Wer diese Tage mit Google Earth
die Welt von oben betrachtete, dem musste ein bräunlicher
Glanz über den deutschen Innenstädten auffallen. Auch unsere
Wissenschaftsredaktion rätselte über die Bedeutung dieses Farbstichs
und wurde erst in dieser Woche durch eine Pressemitteilung des
"Tiefkühlkuriers" aufgeklärt: Es handelt sich um den
den Siegeszug des Fischstäbchens.
Kolonnen
von Fischstäbchen (siehe Bild) also, goldbraun gebräunt,
paradieren unter dem Jubel und der herzlichen Anteilnahme der
Bevölkerung durch deutsche Städte. Sie werden von Bürgermeistern
empfangen, tragen sich in Gästebücher ein und äussern sich besorgt
über den weltweiten Klimawandel.
 Experten
sind sich einig: Die Welt mit Fischstäbchen ist eine bessere.

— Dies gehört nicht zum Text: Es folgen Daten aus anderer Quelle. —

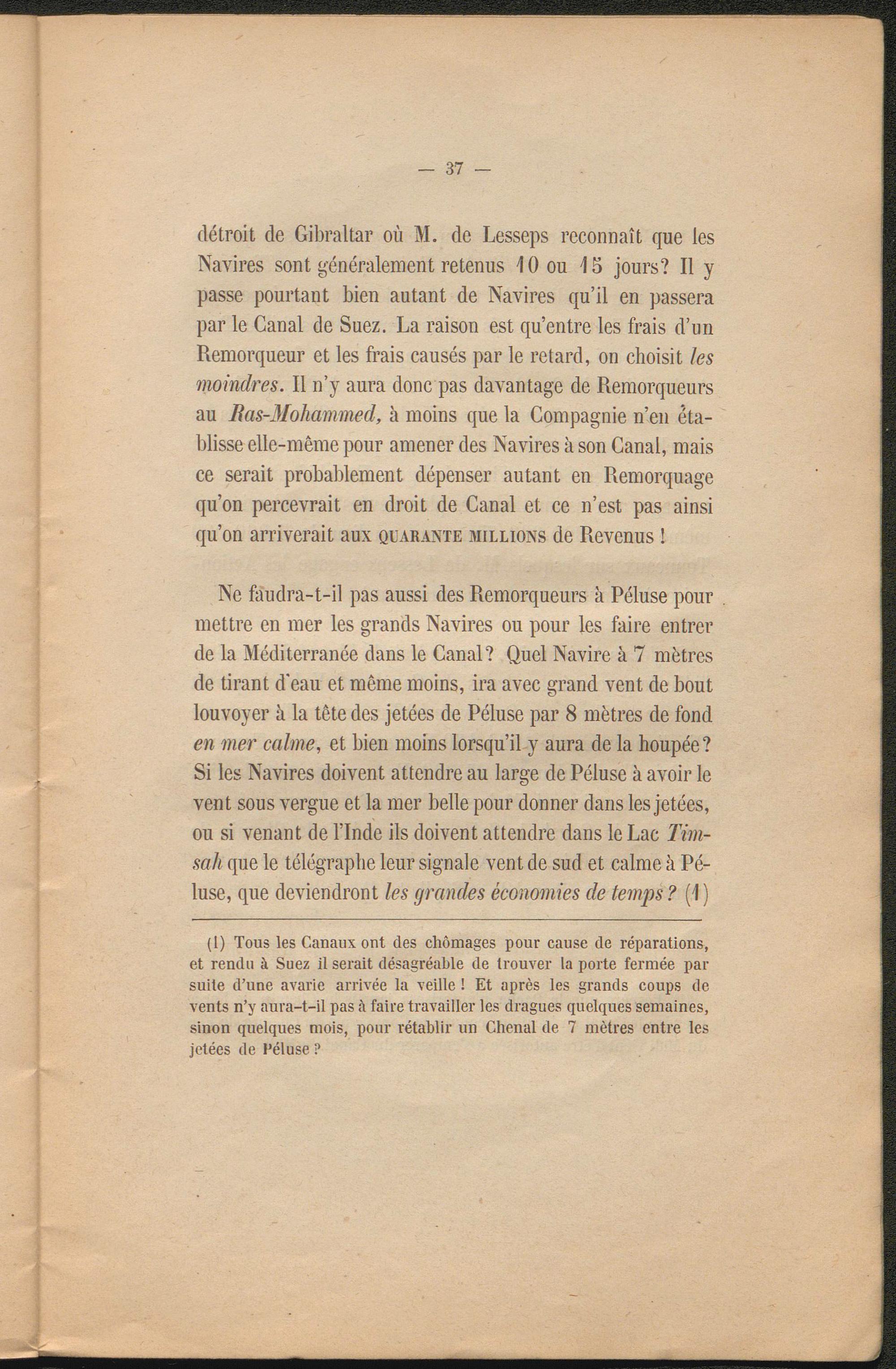 Ne faudra-t-il pas aussi des Remorqueurs à Péluse pour mettre en mer les grands Navires ou pour les faire entrer de la Méditerranée dans le Canal? Quel Navire à 7 mètres de tirant d'eau et même moins, ira avec grand vent de bout louvoyer à la tête des jetées de Péluse par 8 mètres de fond en mer calme , et bien moins lorsqu’il y aura de la houpée? Si les Navires doivent attendre au large de Péluse à avoir le vent sous vergue et la mer belle pour donner dans les jetées, ou si venant de l’Inde ils doivent attendre dans le Lac Tim- sah que le télégraphe leur signale vent de sud et calme à Péluse, que deviendront les grandes économies de temps ? (1 )

Obwohl oft hämisch als Stapelfisch abqualifiziert, gelten sie
als fleissig, loyal und lassen sich bei Bedarf in jede politische
Richtung drehen und wenden. Nachdem die vielfachen Unterbrechungen
der Kühlkette endlich ausgeräumt wurden, steht einer stärkeren
Präsenz von Fischstäbchen nichst mehr im Weg. Laut "Tiefkühlkurier"

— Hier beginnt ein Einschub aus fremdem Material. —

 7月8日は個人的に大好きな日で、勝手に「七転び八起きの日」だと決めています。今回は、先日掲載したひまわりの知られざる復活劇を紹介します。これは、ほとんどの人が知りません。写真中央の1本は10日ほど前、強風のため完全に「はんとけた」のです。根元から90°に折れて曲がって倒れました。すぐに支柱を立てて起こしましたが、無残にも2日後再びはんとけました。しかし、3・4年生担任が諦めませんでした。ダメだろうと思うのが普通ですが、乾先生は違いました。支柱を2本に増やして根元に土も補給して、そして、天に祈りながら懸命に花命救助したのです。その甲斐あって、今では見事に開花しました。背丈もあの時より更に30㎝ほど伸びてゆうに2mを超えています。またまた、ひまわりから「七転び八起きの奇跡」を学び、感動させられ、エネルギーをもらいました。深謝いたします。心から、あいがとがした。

ist das "Geheimnis der Erfolgstory" in der Zusammensetzung
zu suchen: Aussen knusprig, innen weich. Das korrespondiert
mit einer zunehmender Nachfrage nach weichen Faktoren in der
Wirtschaft: Teamfähigkeit, Offenheit, Empathie, bei gleichzeitiger
Fähigkeit zur Präzision. Jedes Stäbchen misst genau neun mal
2,6 mal 1,1 Zentimeter. Dieses Mass lässt sich nur mit fettreduzierter
Ernährung und härtester Disziplin aufrechterhalten. Pilates,
Mineralwasser und die Fähigkeit zur Work-Life-Balance sind die
Erfolgsfaktoren.
Allerdings ist nicht alles
so goldbraun, wie es scheint. Laut Pressemitteilung muss der
Fischanteil jedes Stäbchen 65 Prozent betragen. Kritiker
vermuten, dass der Rest auch Bestandteile unserer dunklen Vergangenheit
enthält. Gab es Fischstäbchen in der Waffen-SS oder in der NSDAP?
Gibt es Verbindungen zum internationalen Terrornetzwerk al-Qaida?

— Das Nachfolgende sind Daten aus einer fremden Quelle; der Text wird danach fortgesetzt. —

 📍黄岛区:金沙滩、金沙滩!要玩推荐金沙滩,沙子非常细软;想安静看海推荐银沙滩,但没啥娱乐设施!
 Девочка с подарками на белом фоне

Der "Tiefkühlkurier" schweigt dazu. So mehren sich
sich die Stimmen die Aufklärung über die sogenannte Restquote
fordern. Schreiben Sie, lieber Leser, an den "Tiefkühlkurier",
Bonner Strasse 484, 50968 Köln, und verlangen Sie Aufklärung.
Bis dahin essen Sie Hähnchen, Schnecken oder Spinatpizza.